___ SUPPLIED MATERIAL ___

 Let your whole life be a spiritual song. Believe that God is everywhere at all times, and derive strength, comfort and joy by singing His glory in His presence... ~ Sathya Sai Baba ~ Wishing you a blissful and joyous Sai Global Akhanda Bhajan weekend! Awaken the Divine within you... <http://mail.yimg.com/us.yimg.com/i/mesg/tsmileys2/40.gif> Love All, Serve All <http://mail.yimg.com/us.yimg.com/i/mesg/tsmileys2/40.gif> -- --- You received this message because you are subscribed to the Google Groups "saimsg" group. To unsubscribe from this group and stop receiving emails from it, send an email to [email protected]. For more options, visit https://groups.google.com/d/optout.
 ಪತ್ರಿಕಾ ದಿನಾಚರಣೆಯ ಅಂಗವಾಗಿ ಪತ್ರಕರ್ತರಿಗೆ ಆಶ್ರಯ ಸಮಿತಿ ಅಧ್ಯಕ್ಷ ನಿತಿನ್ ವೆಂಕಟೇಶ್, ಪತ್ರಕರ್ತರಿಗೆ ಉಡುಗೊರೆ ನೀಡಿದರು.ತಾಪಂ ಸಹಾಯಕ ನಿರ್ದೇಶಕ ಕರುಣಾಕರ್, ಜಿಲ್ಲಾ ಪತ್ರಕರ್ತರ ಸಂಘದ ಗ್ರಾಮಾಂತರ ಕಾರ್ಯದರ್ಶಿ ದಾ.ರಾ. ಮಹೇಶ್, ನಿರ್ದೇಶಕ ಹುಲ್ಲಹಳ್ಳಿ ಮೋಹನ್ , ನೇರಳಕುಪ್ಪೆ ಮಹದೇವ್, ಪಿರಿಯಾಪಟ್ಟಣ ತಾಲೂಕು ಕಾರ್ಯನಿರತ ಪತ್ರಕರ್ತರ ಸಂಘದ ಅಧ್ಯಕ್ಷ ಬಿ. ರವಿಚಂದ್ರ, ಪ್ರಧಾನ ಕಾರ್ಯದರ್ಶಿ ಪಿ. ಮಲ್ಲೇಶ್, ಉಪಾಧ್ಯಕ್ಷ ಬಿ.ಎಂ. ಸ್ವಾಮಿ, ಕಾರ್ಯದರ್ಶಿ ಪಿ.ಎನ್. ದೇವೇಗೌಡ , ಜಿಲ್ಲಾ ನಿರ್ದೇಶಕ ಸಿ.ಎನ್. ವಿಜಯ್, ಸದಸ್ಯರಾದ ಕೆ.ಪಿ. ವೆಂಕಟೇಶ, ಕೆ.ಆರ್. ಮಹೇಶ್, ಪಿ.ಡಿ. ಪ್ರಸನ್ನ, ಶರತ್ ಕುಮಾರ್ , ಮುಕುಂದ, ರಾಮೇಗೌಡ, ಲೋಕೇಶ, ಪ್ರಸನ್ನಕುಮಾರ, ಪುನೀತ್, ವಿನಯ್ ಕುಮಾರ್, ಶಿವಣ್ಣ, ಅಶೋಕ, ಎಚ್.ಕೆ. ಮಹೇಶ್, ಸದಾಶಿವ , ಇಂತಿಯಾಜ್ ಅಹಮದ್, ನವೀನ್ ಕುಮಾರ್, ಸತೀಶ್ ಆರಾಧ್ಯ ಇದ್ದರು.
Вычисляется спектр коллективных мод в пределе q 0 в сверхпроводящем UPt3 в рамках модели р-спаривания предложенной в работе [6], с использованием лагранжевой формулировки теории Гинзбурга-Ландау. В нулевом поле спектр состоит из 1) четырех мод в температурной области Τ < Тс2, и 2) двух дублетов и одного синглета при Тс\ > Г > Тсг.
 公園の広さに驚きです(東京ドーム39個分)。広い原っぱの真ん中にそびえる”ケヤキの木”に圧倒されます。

___

### DIRECTIONS
After reading the lines above, reproduce them all exactly.

### REPLY
 Let your whole life be a spiritual song. Believe that God is everywhere at all times, and derive strength, comfort and joy by singing His glory in His presence... ~ Sathya Sai Baba ~ Wishing you a blissful and joyous Sai Global Akhanda Bhajan weekend! Awaken the Divine within you... <http://mail.yimg.com/us.yimg.com/i/mesg/tsmileys2/40.gif> Love All, Serve All <http://mail.yimg.com/us.yimg.com/i/mesg/tsmileys2/40.gif> -- --- You received this message because you are subscribed to the Google Groups "saimsg" group. To unsubscribe from this group and stop receiving emails from it, send an email to [email protected]. For more options, visit https://groups.google.com/d/optout.
 ಪತ್ರಿಕಾ ದಿನಾಚರಣೆಯ ಅಂಗವಾಗಿ ಪತ್ರಕರ್ತರಿಗೆ ಆಶ್ರಯ ಸಮಿತಿ ಅಧ್ಯಕ್ಷ ನಿತಿನ್ ವೆಂಕಟೇಶ್, ಪತ್ರಕರ್ತರಿಗೆ ಉಡುಗೊರೆ ನೀಡಿದರು.ತಾಪಂ ಸಹಾಯಕ ನಿರ್ದೇಶಕ ಕರುಣಾಕರ್, ಜಿಲ್ಲಾ ಪತ್ರಕರ್ತರ ಸಂಘದ ಗ್ರಾಮಾಂತರ ಕಾರ್ಯದರ್ಶಿ ದಾ.ರಾ. ಮಹೇಶ್, ನಿರ್ದೇಶಕ ಹುಲ್ಲಹಳ್ಳಿ ಮೋಹನ್ , ನೇರಳಕುಪ್ಪೆ ಮಹದೇವ್, ಪಿರಿಯಾಪಟ್ಟಣ ತಾಲೂಕು ಕಾರ್ಯನಿರತ ಪತ್ರಕರ್ತರ ಸಂಘದ ಅಧ್ಯಕ್ಷ ಬಿ. ರವಿಚಂದ್ರ, ಪ್ರಧಾನ ಕಾರ್ಯದರ್ಶಿ ಪಿ. ಮಲ್ಲೇಶ್, ಉಪಾಧ್ಯಕ್ಷ ಬಿ.ಎಂ. ಸ್ವಾಮಿ, ಕಾರ್ಯದರ್ಶಿ ಪಿ.ಎನ್. ದೇವೇಗೌಡ , ಜಿಲ್ಲಾ ನಿರ್ದೇಶಕ ಸಿ.ಎನ್. ವಿಜಯ್, ಸದಸ್ಯರಾದ ಕೆ.ಪಿ. ವೆಂಕಟೇಶ, ಕೆ.ಆರ್. ಮಹೇಶ್, ಪಿ.ಡಿ. ಪ್ರಸನ್ನ, ಶರತ್ ಕುಮಾರ್ , ಮುಕುಂದ, ರಾಮೇಗೌಡ, ಲೋಕೇಶ, ಪ್ರಸನ್ನಕುಮಾರ, ಪುನೀತ್, ವಿನಯ್ ಕುಮಾರ್, ಶಿವಣ್ಣ, ಅಶೋಕ, ಎಚ್.ಕೆ. ಮಹೇಶ್, ಸದಾಶಿವ , ಇಂತಿಯಾಜ್ ಅಹಮದ್, ನವೀನ್ ಕುಮಾರ್, ಸತೀಶ್ ಆರಾಧ್ಯ ಇದ್ದರು.
Вычисляется спектр коллективных мод в пределе q 0 в сверхпроводящем UPt3 в рамках модели р-спаривания предложенной в работе [6], с использованием лагранжевой формулировки теории Гинзбурга-Ландау. В нулевом поле спектр состоит из 1) четырех мод в температурной области Τ < Тс2, и 2) двух дублетов и одного синглета при Тс\ > Г > Тсг.
 公園の広さに驚きです(東京ドーム39個分)。広い原っぱの真ん中にそびえる”ケヤキの木”に圧倒されます。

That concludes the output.